The key property: lookup time depends on path depth (typically 2–4 segments), not on route count (could be hundreds). An API with 5 routes and an API with 500 routes have the same lookup speed for a given path depth.

When both a static and parameterized route match the same position, the static route always wins:

// Routes:
// GET /files/upload → static match
// GET /files/:filename → param match
// GET /files/upload → matches /files/upload (static)
// GET /files/readme.md → matches /files/:filename with filename = "readme.md"

This is the standard behavior across radix tree routers (find-my-way, @hono/router) and avoids ambiguity.

Wildcard segments (*) match all remaining path segments. They’re always the lowest priority at any tree level:

// Routes:
// GET /files/:id → matches single segment after /files/
// GET /files/*path → matches any depth after /files/
// GET /files/123 → matches /files/:id with id = "123"
// GET /files/a/b/c.txt → matches /files/*path with path = "a/b/c.txt"

Wildcards capture the entire remaining path as a single string parameter.
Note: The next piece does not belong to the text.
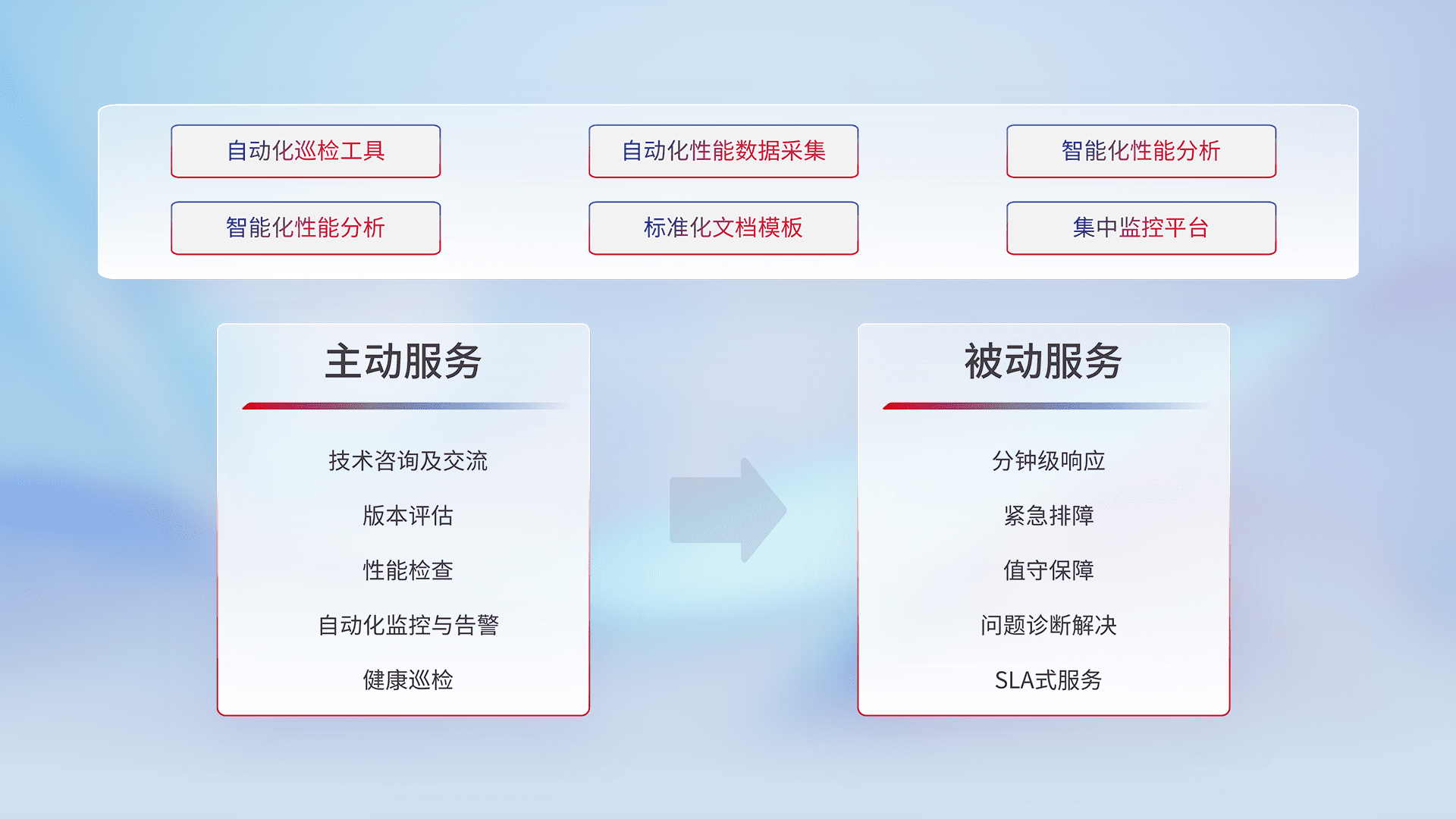 智能化工具和标准化文档,,,保障服务质量,,,,提供主动服务(包含技术咨询、、版本评估、、、性能检查、、自动化监控与告警、、健康巡检)和被动服务包含(分钟级响应、、、、紧急排障、、、值守保障、、、、问题诊断解决、、SLA服务)。。。

They cannot coexist with parameterized routes at the same depth — the build step will emit an error if this is detected.

TypoKit normalizes trailing slashes at build time:

  • /users and /users/ are treated as the same route
  • The compiled tree stores the canonical form (without trailing slash)
  • At runtime, incoming paths are normalized before tree lookup
// Route defined as: GET /users
// All of these match:
// GET /users ✓
// GET /users/ ✓ (trailing slash stripped before lookup)

When a path matches a node in the tree but the HTTP method isn’t registered on that node, the router returns 405 Method Not Allowed (not 404):

// Routes:
// GET /users
// POST /users
// DELETE /users → 405 Method Not Allowed
// Response headers: Allow: GET, POST

The Allow header is populated from the matched node’s method registry — no additional lookup needed.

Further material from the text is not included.